• _INPUT FOR THIS TASK_:
=== Section Start ===

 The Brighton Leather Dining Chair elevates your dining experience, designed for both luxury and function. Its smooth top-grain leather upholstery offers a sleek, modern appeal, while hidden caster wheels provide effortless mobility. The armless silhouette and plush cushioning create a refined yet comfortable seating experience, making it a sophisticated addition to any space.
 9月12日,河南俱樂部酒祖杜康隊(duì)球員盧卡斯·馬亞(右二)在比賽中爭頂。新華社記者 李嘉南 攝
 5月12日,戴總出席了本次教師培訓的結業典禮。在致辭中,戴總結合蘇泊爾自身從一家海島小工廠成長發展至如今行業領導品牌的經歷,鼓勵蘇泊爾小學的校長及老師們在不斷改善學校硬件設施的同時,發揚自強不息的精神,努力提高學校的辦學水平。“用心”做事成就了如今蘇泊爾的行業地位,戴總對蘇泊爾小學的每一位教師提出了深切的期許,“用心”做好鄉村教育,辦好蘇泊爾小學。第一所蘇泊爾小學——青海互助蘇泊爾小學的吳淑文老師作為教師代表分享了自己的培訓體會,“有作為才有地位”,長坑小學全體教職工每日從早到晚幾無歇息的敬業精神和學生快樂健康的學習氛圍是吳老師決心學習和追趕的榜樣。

=== Section End ===
=== Section Start ===

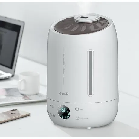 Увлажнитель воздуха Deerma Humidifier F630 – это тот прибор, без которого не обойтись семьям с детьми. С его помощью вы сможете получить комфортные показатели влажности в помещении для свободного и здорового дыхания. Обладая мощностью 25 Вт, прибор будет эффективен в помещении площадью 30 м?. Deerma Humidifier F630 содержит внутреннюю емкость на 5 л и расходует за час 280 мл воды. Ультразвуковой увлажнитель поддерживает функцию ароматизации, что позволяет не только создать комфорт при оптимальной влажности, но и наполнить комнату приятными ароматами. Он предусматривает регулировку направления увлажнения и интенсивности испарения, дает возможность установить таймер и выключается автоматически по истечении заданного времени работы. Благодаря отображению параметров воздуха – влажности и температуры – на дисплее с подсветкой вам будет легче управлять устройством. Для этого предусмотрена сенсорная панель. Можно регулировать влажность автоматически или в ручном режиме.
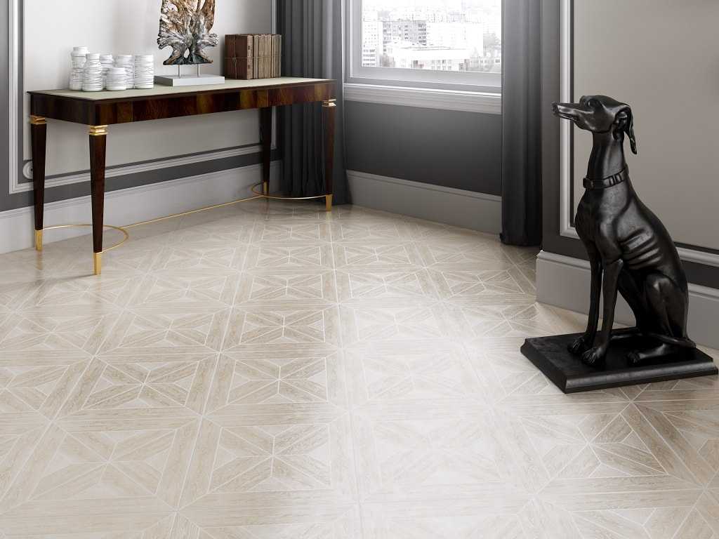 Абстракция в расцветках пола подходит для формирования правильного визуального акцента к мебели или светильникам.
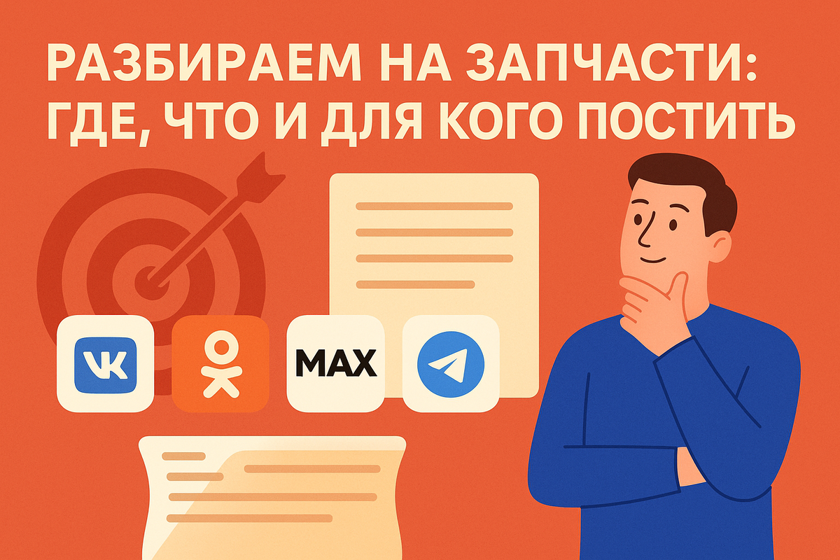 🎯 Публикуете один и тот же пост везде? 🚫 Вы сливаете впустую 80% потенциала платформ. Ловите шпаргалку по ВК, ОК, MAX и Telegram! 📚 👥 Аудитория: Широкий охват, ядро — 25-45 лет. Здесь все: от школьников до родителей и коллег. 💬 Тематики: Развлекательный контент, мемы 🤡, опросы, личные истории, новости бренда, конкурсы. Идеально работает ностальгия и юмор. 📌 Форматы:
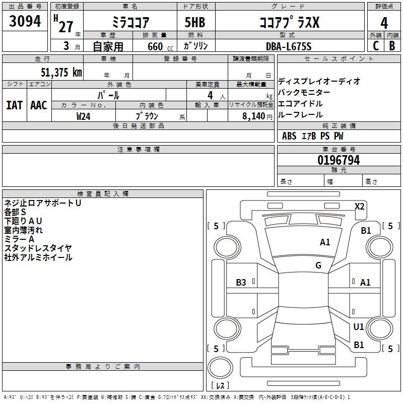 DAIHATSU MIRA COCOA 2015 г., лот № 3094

=== Section End ===

• _PROBLEM STATEMENT_: Working from the records above, set down word for word everything from the line containing "Абстракция в расцветках" down to the line containing "DAIHATSU MIRA COCOA 2015 г., лот № 3094", ends included, minus the pictures.

• _RESPONSE TO THIS EXERCISE_:
 Абстракция в расцветках пола подходит для формирования правильного визуального акцента к мебели или светильникам.
 🎯 Публикуете один и тот же пост везде? 🚫 Вы сливаете впустую 80% потенциала платформ. Ловите шпаргалку по ВК, ОК, MAX и Telegram! 📚 👥 Аудитория: Широкий охват, ядро — 25-45 лет. Здесь все: от школьников до родителей и коллег. 💬 Тематики: Развлекательный контент, мемы 🤡, опросы, личные истории, новости бренда, конкурсы. Идеально работает ностальгия и юмор. 📌 Форматы:
 DAIHATSU MIRA COCOA 2015 г., лот № 3094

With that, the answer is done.